室井は早稲田大学シネマ研究会に所属し、数多くの自主映画に出演していた時代を述懐。PFFアワードの審査員をしていた大森が室井の出演作を観ていたことから、「風の歌を聴け」への起用につながったという。「当時の早稲田の学生は、みんな春樹さんの『風の歌を聴け』や『1973年のピンボール』を読んでいました。だから出演が決まって大感激でした」と振り返りつつ、「本の読解も人によってずいぶん違う。台本を読んでも、どのような映画になるのか、なかなか想像できなかったですね」と村上作品を映像化する際の難しさに触れた。

劇中に出てくる“三番目の女の子”が12歳のときの写真は、当時大学生だった室井が映画のために小学生のような服装をして撮影されたもの。当初は12歳頃の写真を探して使用する予定だったそうだが、室井は「衣装さんと一緒に(映画の舞台である)神戸で小学校5年生、6年生の女の子が着るブラウスとスカートを買ったんです。当時もすでに大人でしたけど、体を曲げれば着れないこともなかった(笑)。その服で鏡の前に立ったときに役をつかめたんです」と述懐。「三番目の女の子が将来どのようになってしまうのかは自分で逆算してわかっていましたから、12歳の写真を撮るのがうまくいけば役作りもうまくいくんじゃないかな、と思ってましたね」とその真意を語った。

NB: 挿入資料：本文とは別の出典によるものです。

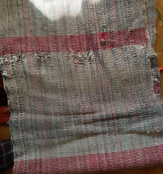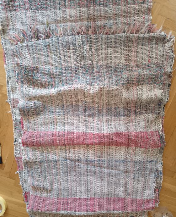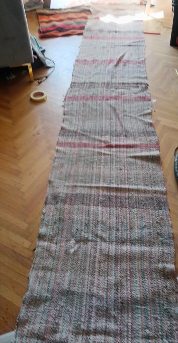 Tkani tepih, nije baš u najboljem stanju, vidi se da je krpan na više mjesta, ali ako slučajno može nekom poslužiti za selo ili slično. Dimenzija cca 320x56. Imam još nekoliko ovakvih po simboličnoj cijeni.

「ドリーミング村上春樹」は、小説「風の歌を聴け」の冒頭の「完璧な文章などといったものは存在しない。完璧な絶望が存在しないようにね。」という一節から幕を開ける。そしてホルムが「完璧」や「文章」という言葉1つひとつの解釈に悩みながら翻訳を続けるさまが映し出されていく。MCから「完璧な翻訳とは?」と尋ねられ「完璧な翻訳はないです。それはやっぱり夢」とホルムが即答する一幕も。日本語から直接デンマーク語に翻訳しているわけではなく、ドイツ語や英語といった言語を仲介してデンマーク語に落とし込んでいるという。ホルムは最後に「村上さんの小説と出会っていなかったら、長く翻訳を続けることはなかった。普通1冊を終えたら、自分とは関係なくなる。少し寂しい仕事。でも村上さんの小説はみんな大好き。彼の作品の翻訳者として知られるようになり、デンマークでも翻訳者自体の声が大きくなってきている」と語った。

ニテーシュ・アンジャーンが監督を務めた「ドリーミング村上春樹」は、10月19日より新宿武蔵野館ほか全国ロードショー。